■ Required work
Nothing but the lines from the one containing "END_VARLa fonction est" through the end of the data below should appear in the answer, each exact and free of pictures.
══ Data section
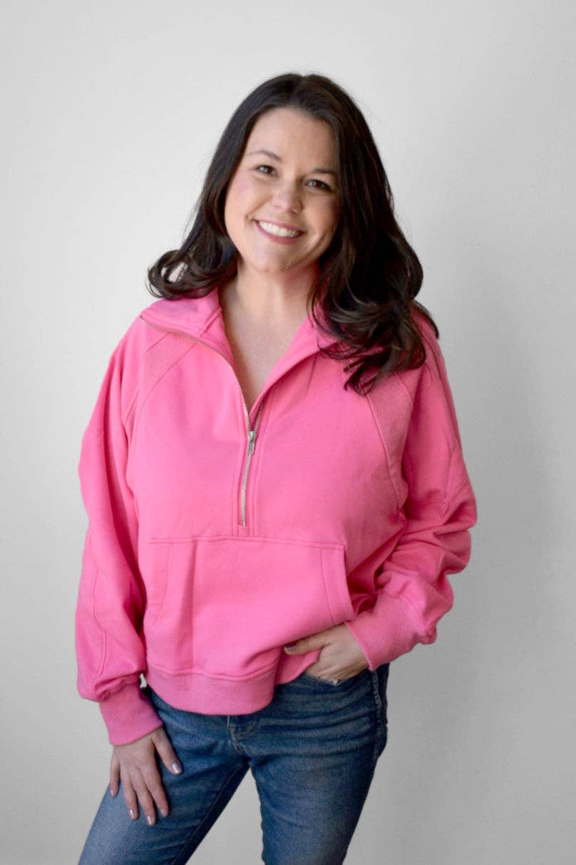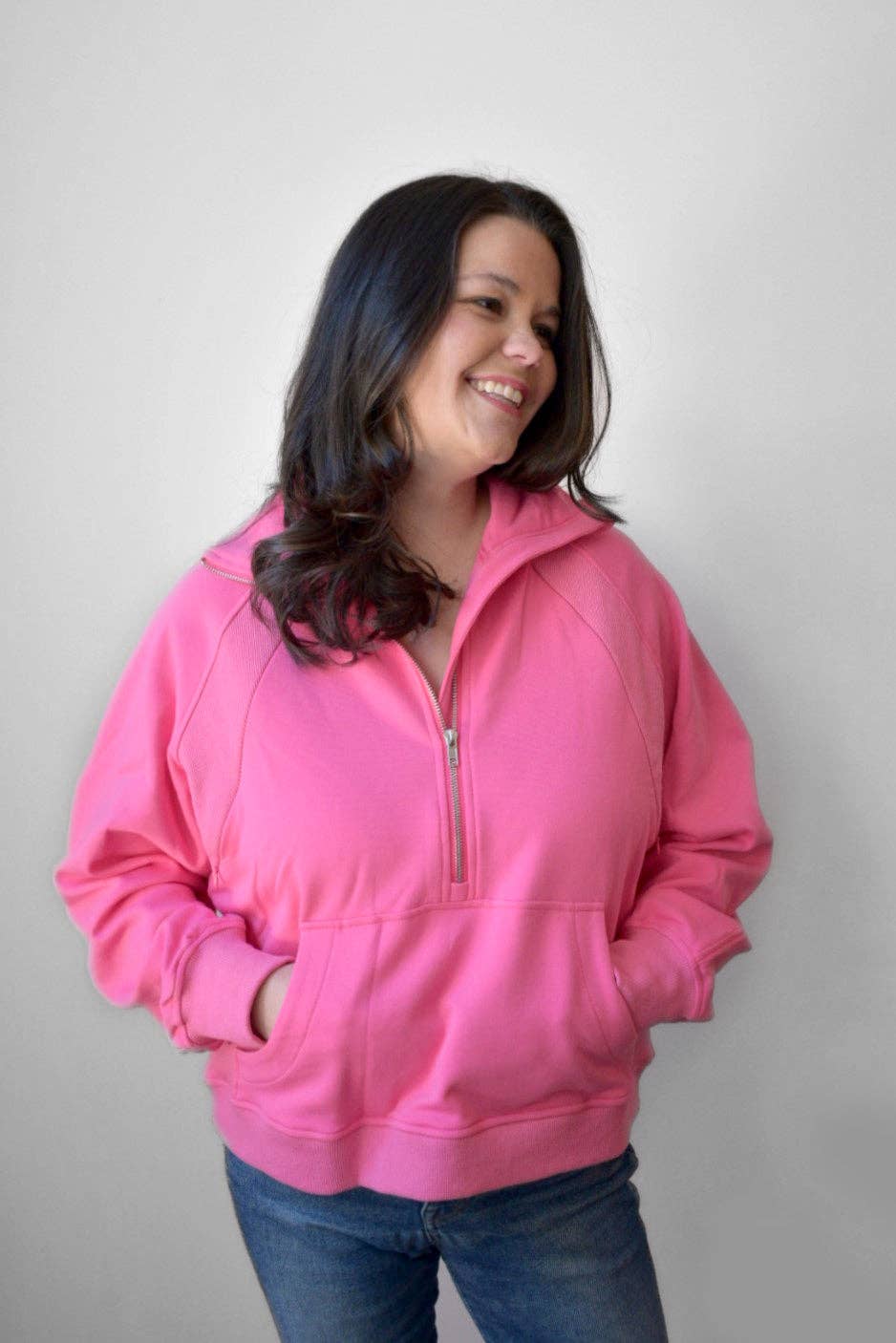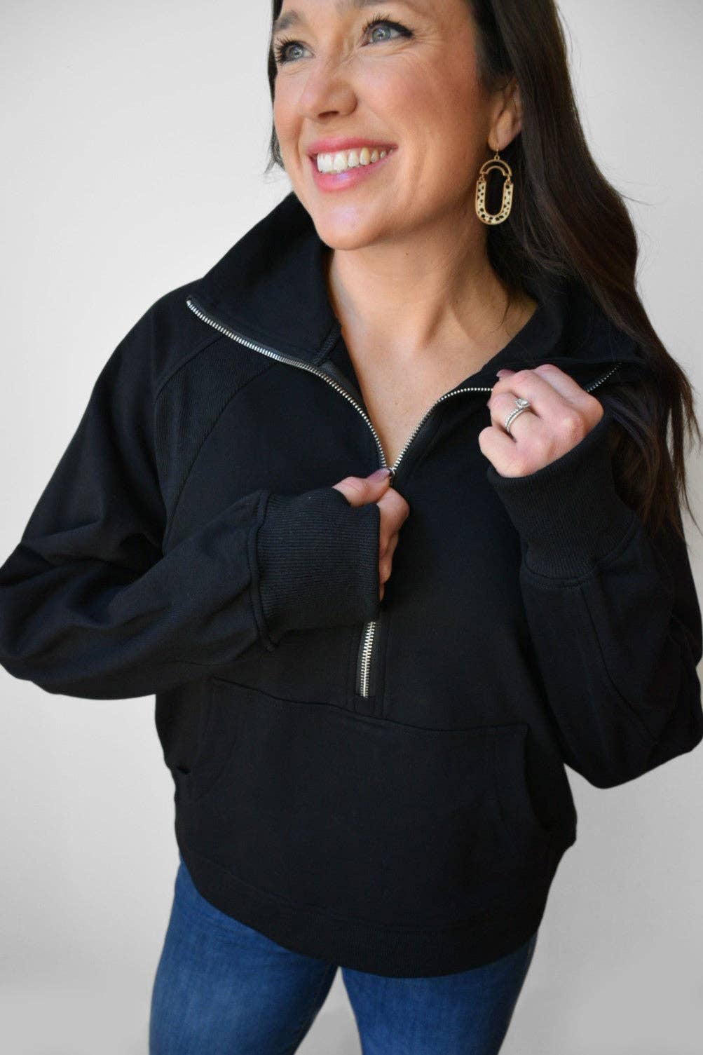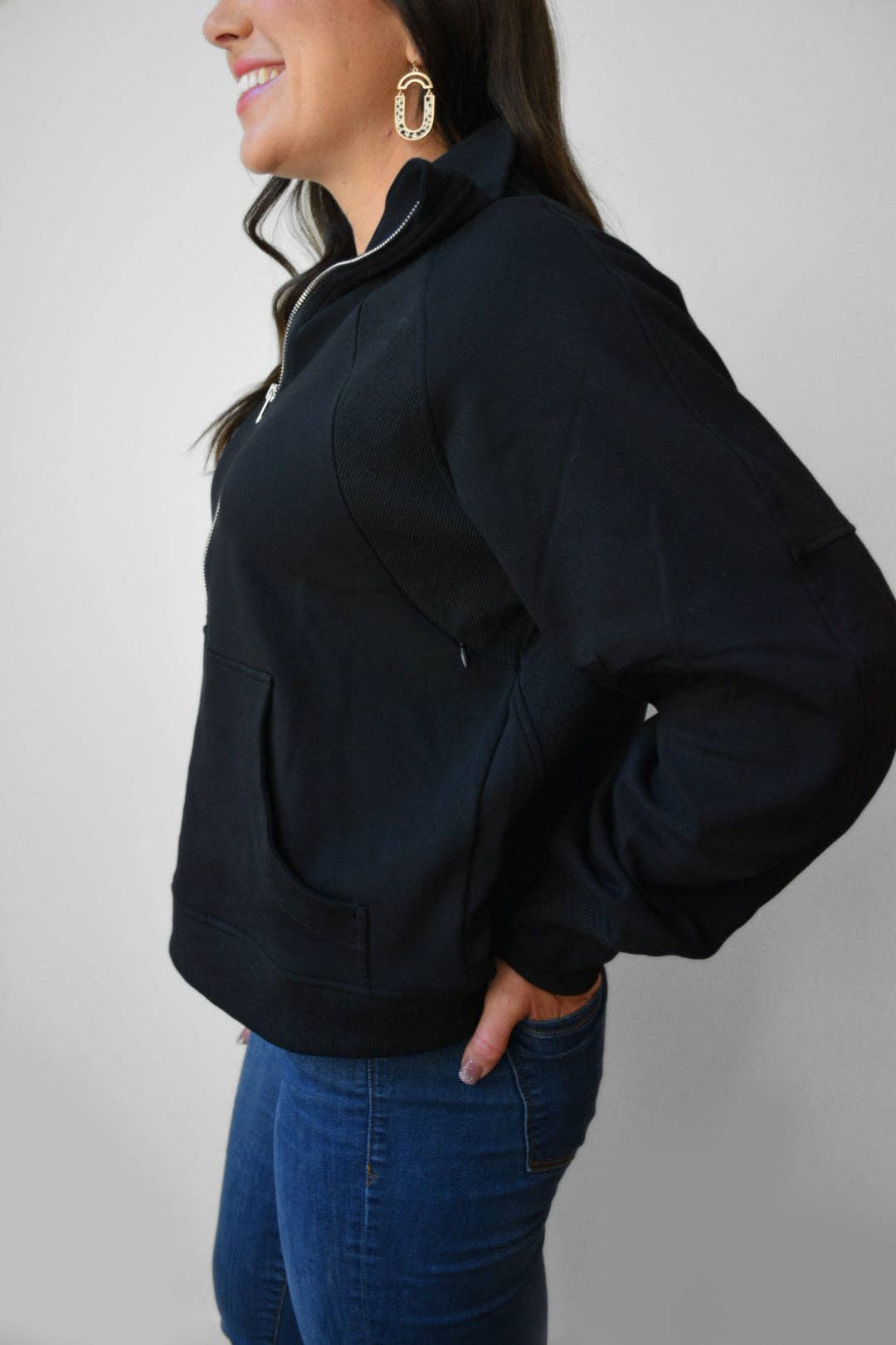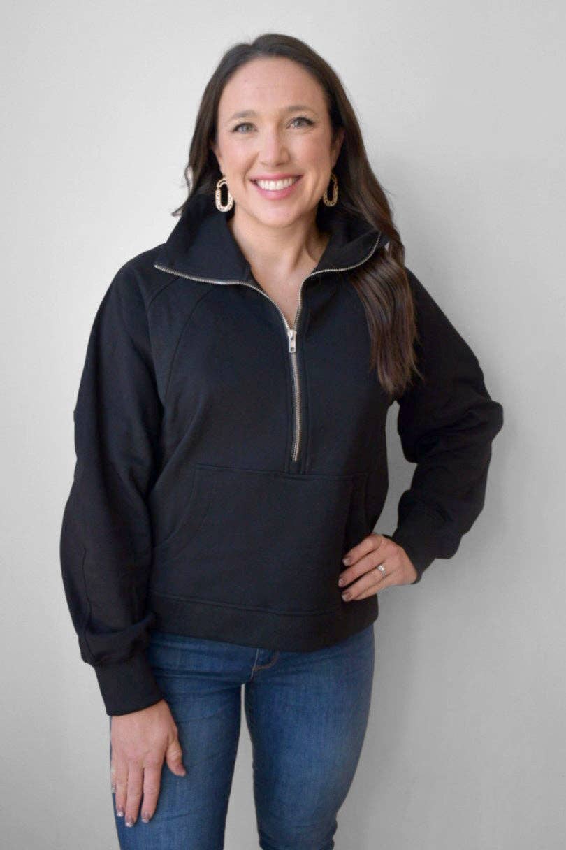 Hidden invisible zippers in the ribbed panel of this sweatshirt add new and improved functionality to everyone's favorite 1/2 zip sweatshirt silhouette. Whether you're nursing pumping, or just love a 1/2 zip sweatshirt you'll adore this new release from Movemama. With a cozy and relaxed fit you'll find yourself reaching for this sweatshirt everyday. The simplified sizing of this sweatshirt is due to the oversized silhouette.
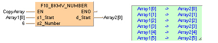 END_VARLa fonction est exécutée lorsque la variable CopyArray passe de FALSE à TRUE. Elle copie le bloc de données de la zone de départ de 16 bits désignée par s1_Start et le nombre de mots indiqué par s2_Number vers le bloc à partir de la zone de 16 bits désignée par d_Start.
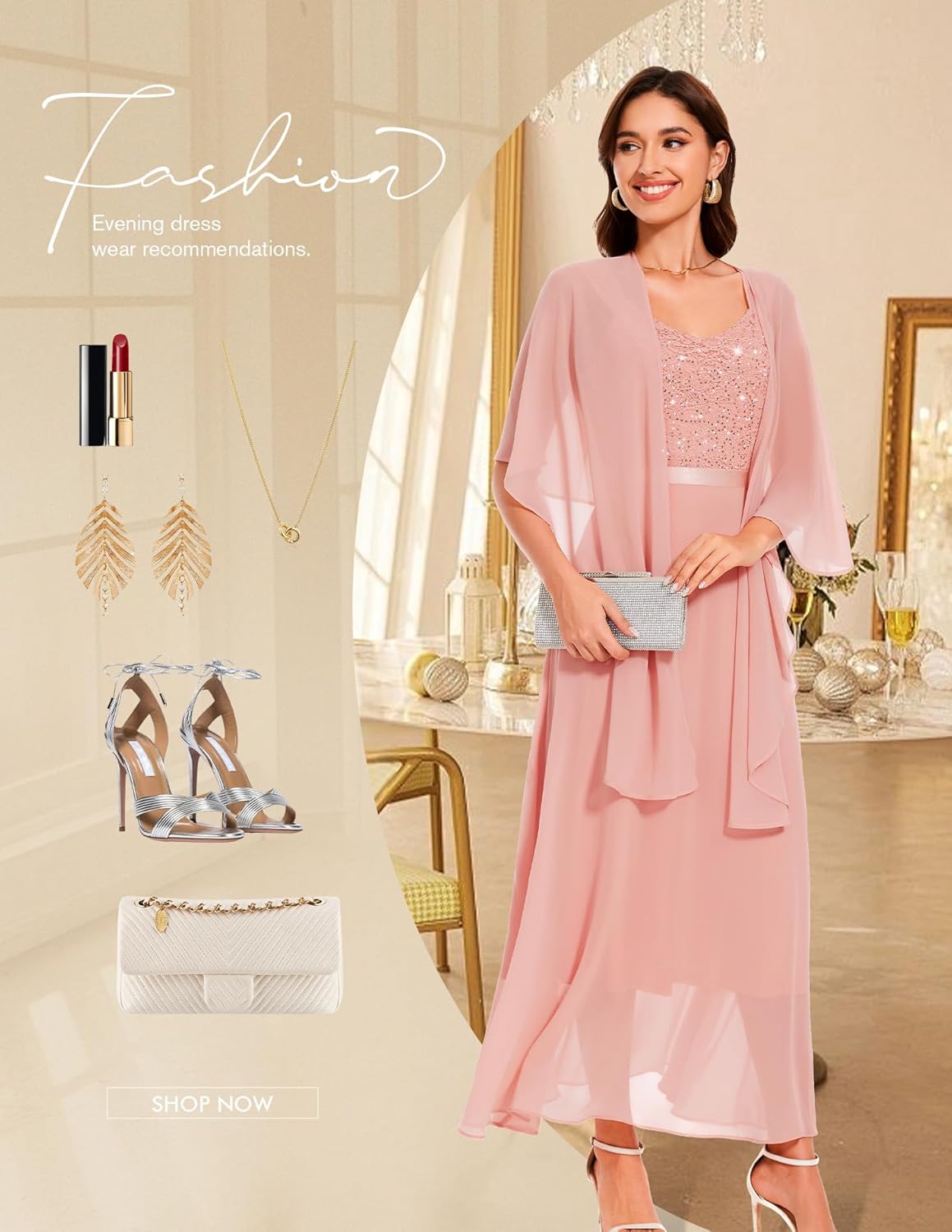 BeryLove Formal Wedding Guest Sequin Dress Mother of The Bride Two Piece Dress
════
■ Result of this task
 END_VARLa fonction est exécutée lorsque la variable CopyArray passe de FALSE à TRUE. Elle copie le bloc de données de la zone de départ de 16 bits désignée par s1_Start et le nombre de mots indiqué par s2_Number vers le bloc à partir de la zone de 16 bits désignée par d_Start.
 BeryLove Formal Wedding Guest Sequin Dress Mother of The Bride Two Piece Dress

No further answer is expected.